The UNITED STATES of America

Leonard P. Walsh, Senior District Judge.

The opinion of the court was delivered by: WALSH


Leonard P. Walsh, Senior District Judge.

 This matter is before the Court on remand by the United States Court of Appeals for the District of Columbia, United States v. Haywood, 150 U.S. App. D.C. 247, 464 F.2d 756 (decided April 20, 1972). There was a delay of approximately one year from the date of remand until an evidentiary hearing was held on April 5, 1973. This delay was due in part to petitioner's request in August 1972 for leave to discontinue proceedings in forma pauperis and for appointment of counsel. On September 8, 1972 an Order granting leave to retain counsel of petitioner's own choosing was signed by this Court. A status call was set for October 3, 1972, and at the request of petitioner's counsel, who had just entered an appearance as retained counsel, a continuance was granted until November 21, 1972. From this time until April 5, 1973 both counsel for petitioner and counsel for the government requested and received three additional continuances.

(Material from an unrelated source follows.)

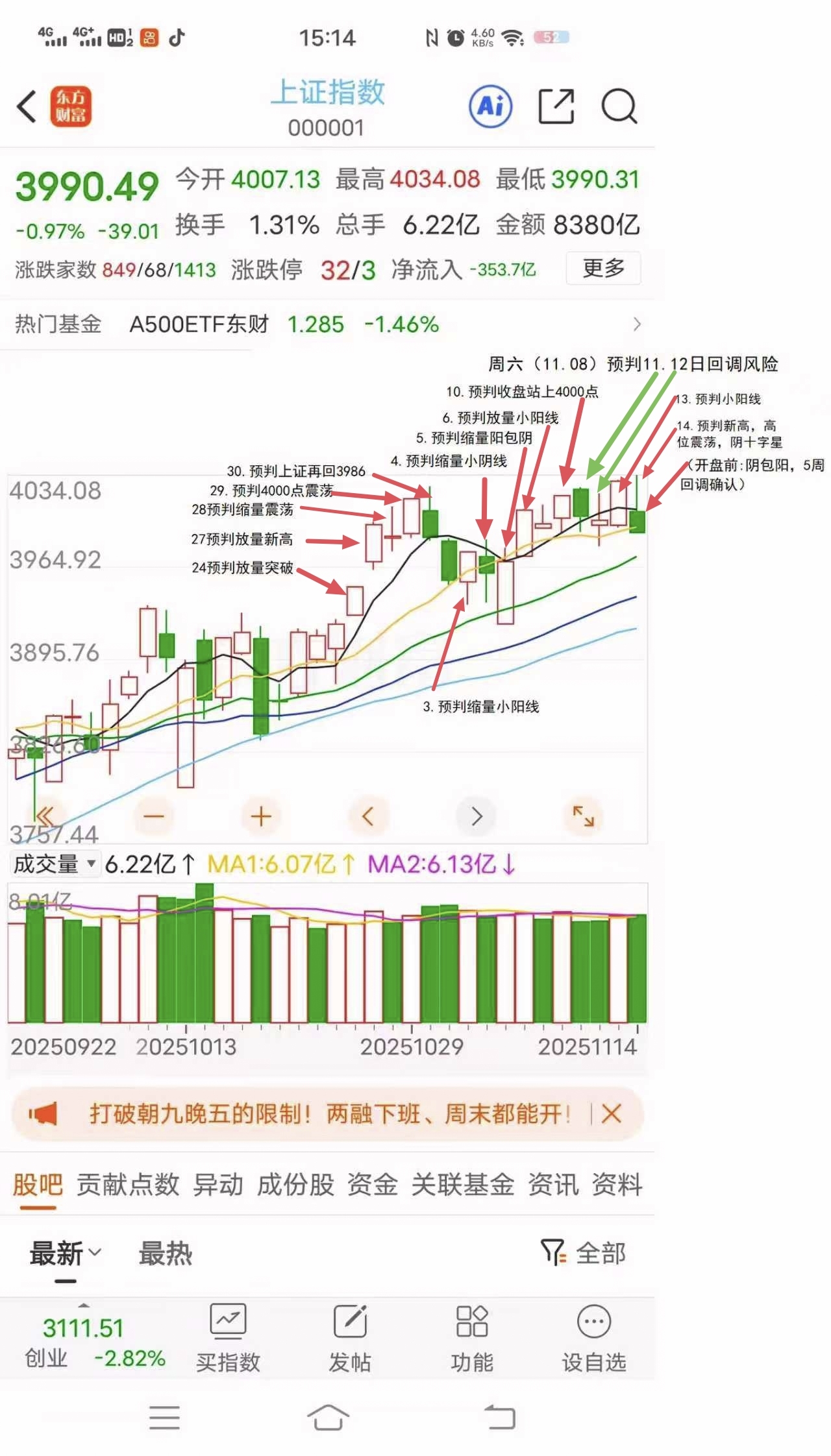 2025.11.17周一(0113)看调整,多看少动,收3980下方!

 On April 5, 1973, pursuant to the remand an evidentiary hearing was held to determine whether the sentence and judgment in this case should be vacated under Title 28, section 2255. The two issues to be presented before this Court were whether there was an illegal search and seizure at petitioner's farm, and whether petitioner had waived his right to object to this search and seizure because of a deliberate by-passing of the orderly procedures available.

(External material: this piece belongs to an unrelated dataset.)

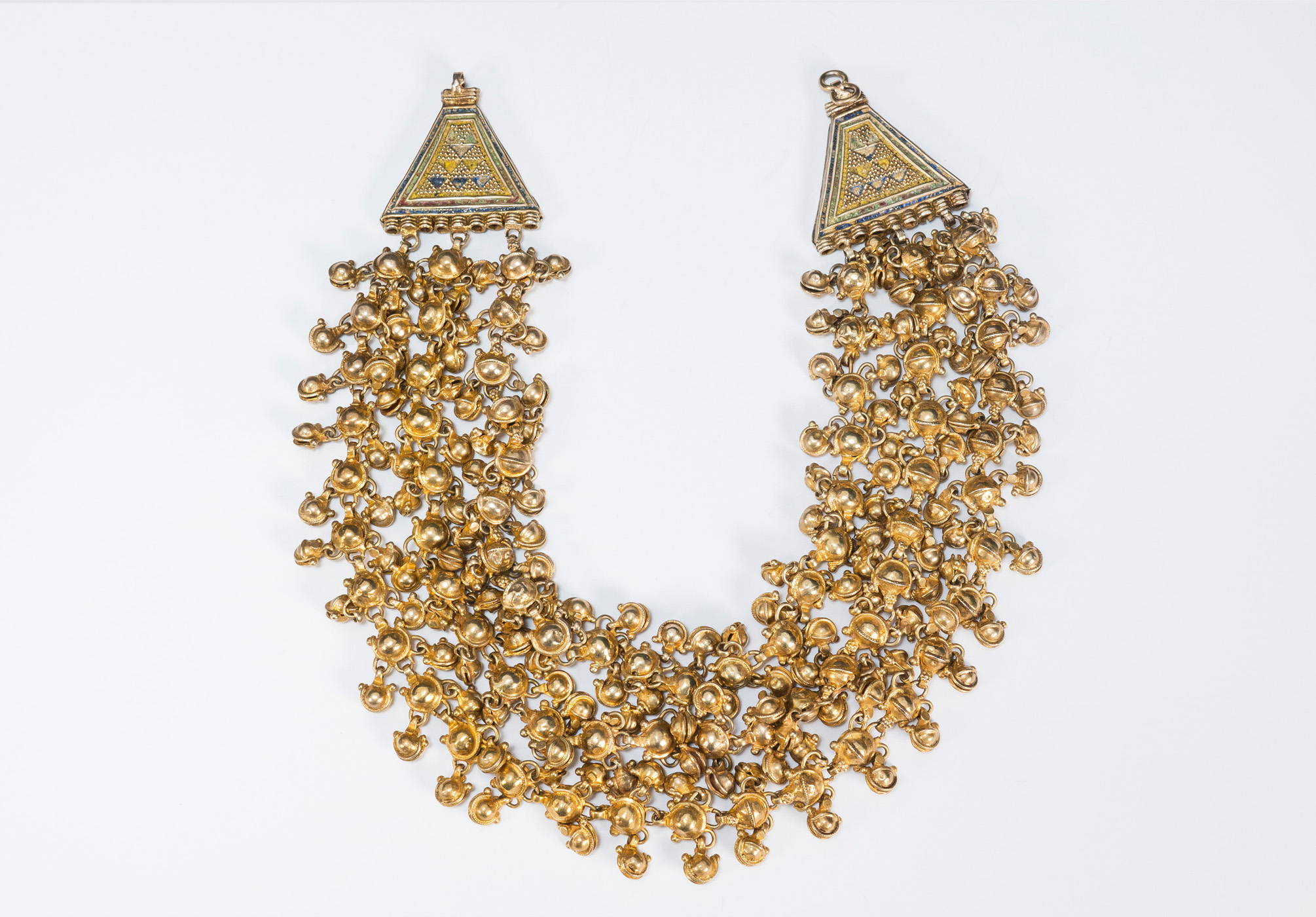 This choker has 3 large rows of 3-sided bells with pyramid shaped clasp overlaid in gold and enamel.

 Petitioner stands convicted of second degree murder and carrying a dangerous weapon. He is currently on parole from a sentence imposed by this Court on June 17, 1966, of from 6 to 20 years on the second degree murder count, and a concurrent one year sentence for carrying a dangerous weapon. The judgment of the District Court was affirmed, per curiam, on December 16, 1966. Petition for rehearing en banc was denied by per curiam order on February 21, 1967.

 On the evening of August 26, 1965, some time around eleven o'clock, Reuben Heldon Harrell, Sr., received a telephone call, and as a result of that call left his apartment. At approximately twelve-thirty A.M., several shots were heard in an alley behind an apartment house located in the 4200 block of Second St., N.W. Reuben Heldon Harrell, Sr. was found shot to death shortly after the shots were heard. The petitioner was positively identified by a witness who testified that he saw Mr. Haywood come out of the alley soon after the shots were fired. At trial there was testimony that Mr. Haywood was seen boarding a bus at the Trailways Station at three A.M. that same morning. The bus was en route to Hagerstown, Maryland, where Mr. Haywood owned a farm. A cab driver remembered driving petitioner from the bus stop in Hagerstown to Mr. Haywood's farm some time after four A.M. The petitioner was arrested on his farm later the same day by Maryland police on an outstanding arrest warrant charging petitioner with first degree murder. After petitioner's arrest, a search warrant was obtained and a search of Mr. Haywood's farm was conducted. The only evidence recovered was a spent bullet and some empty shell casings. Five of the shell cases were found inside the premises. The ballistics expert testified that the slug found on petitioner's farm was a.38 special lead bullet and was manufactured by Remington or Peters Company. The bullets removed from the deceased and from the car door in which the deceased was found were.38 caliber, but were manufactured by either Winchester or Wesson Company. However, the five shell casings recovered inside the premises were manufactured by Winchester. The government expert could not connect the slugs taken from the scene of the crime and the five shell casings as coming from the same weapon. A gunshop owner testified at the trial that he sold Mr. Haywood two.38 caliber revolvers in March and April of 1965. However, defense counsel elicited from the ballistics expert that there were many thousands of.38 caliber revolvers of the same type used to kill Mr. Harrell.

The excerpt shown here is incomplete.